Interspecies genetics of eating disorders; of mice and men
01 / 2008 - 01 / 2013
Anorexia is een ziekte waarbij mensen dwangmatig te weinig eten. Naast psychologische heeft dit gedrag ook biologische oorzaken, waarbij erfelijkheid een rol speelt. Met een nieuwe methode worden chromosomen systematisch onderzocht om beter inzicht te verkrijgen in het ziektebeeld en behandelingsmogelijkheden.

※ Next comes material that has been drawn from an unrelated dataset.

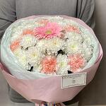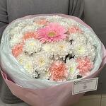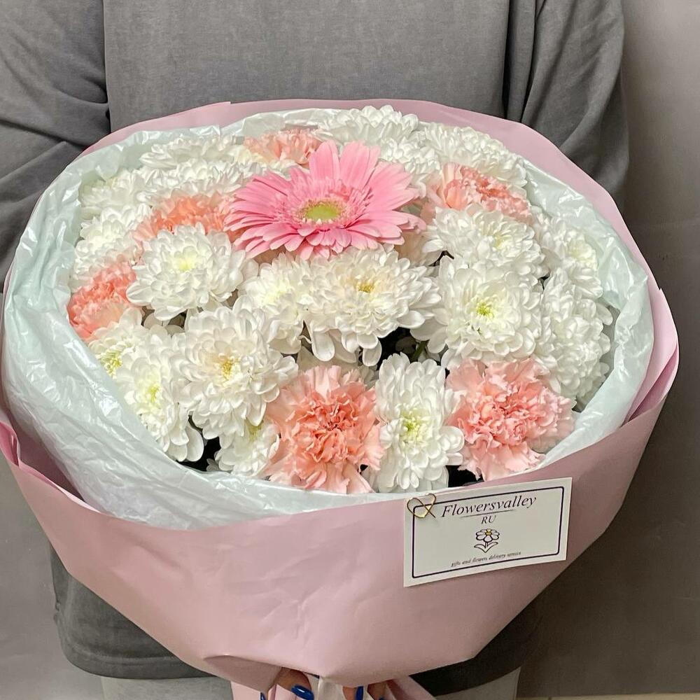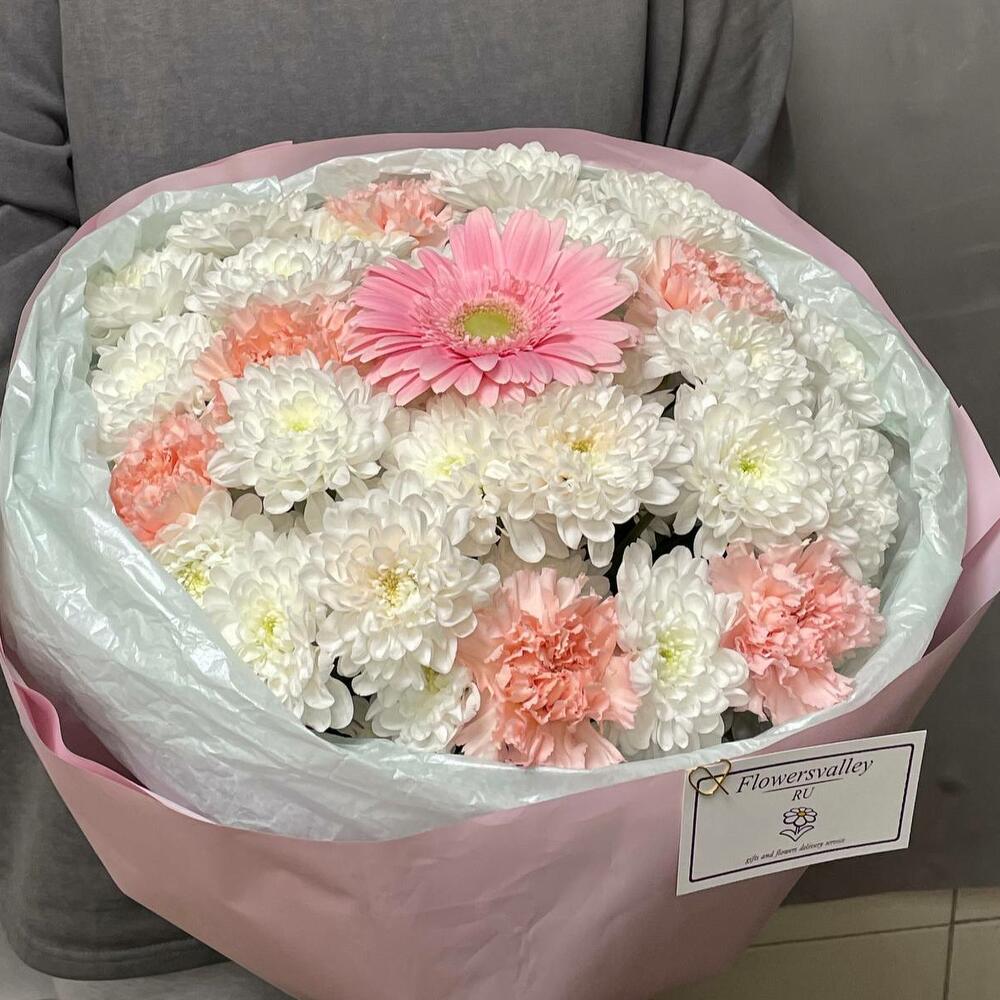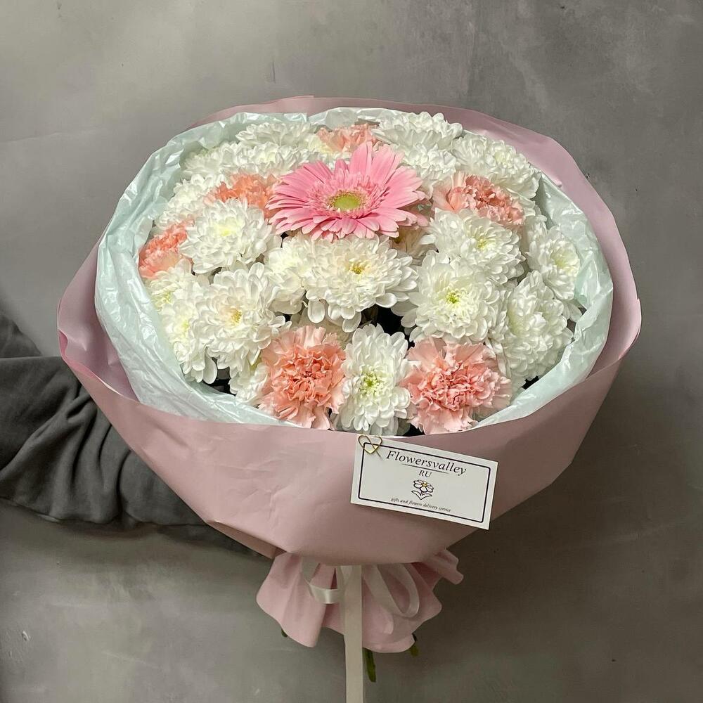 Красивый и роскошный букет, состоящий из герберы, хризантем и гвоздик. Розовая гербера имеет мягкий, нежный цвет и изящные формы, которые добавляют женственности и романтики к букету. Белые хризантемы и гвоздики имеют красивый цвет, который идеально дополняет розовую герберу, добавляя акцент в букет. В целом, этот букет будет идеальным выбором для девушки, маме или другу в день рождения, день святого Валентина или другой специальный праздник.

Eating disorders are complex psychiatric disorders in which patients display a variety of behavioral traits, including obsessionality, increased anxiety, hyperactivity and altered appetitive motivation. These traits are also seen in other psychiatric disorders, such as in obsessive-compulsive disorders and depression, which are often co-morbid with eating disorders. Family and twin studies have revealed that genetic factors play a major role in eating disorders, but attempts to find susceptibility genes through linkage and association studies have been largely unsuccessful. Thus, novel approaches are required to deal with both phenotypic and genetic heterogeneity and with gene-environment interactions underlying these disorders. Recent studies have shown that genetic variation associated with psychiatric disorders affect analogous neuro-anatomical and behavioral traits in mice and men, demonstrating that mouse models can contribute to systematic searches for genetic determinants of psychiatric disorders. Therefore, by combining mouse phenotyping methods that dissect complex behavior into distinct behavioral domains and an innovative and powerful genetic strategy, this project aims to identify novel genetic loci and associated genetic pathways regulating mouse behavioral traits related to eating disorders. To establish this, new and sensitive mouse genetic mapping and inbred populations will be exposed to a comprehensive animal model of eating disorder traits. In an initial screen using this method, specific behavioral eating disorder traits were linked to mouse chromosomes that are syntenic with human linkage regions for anorexia nervosa and obsessive-compulsive disorders. Further genetic fine-mapping of these chromosomes, haplotype mapping, and genome-wide gene expression profiling, will reveal novel genetic loci and associated pathways for these behavioral traits in mice. Homologous candidate genes will then be tested in already available DNA samples from well-characterized eating disorder patients.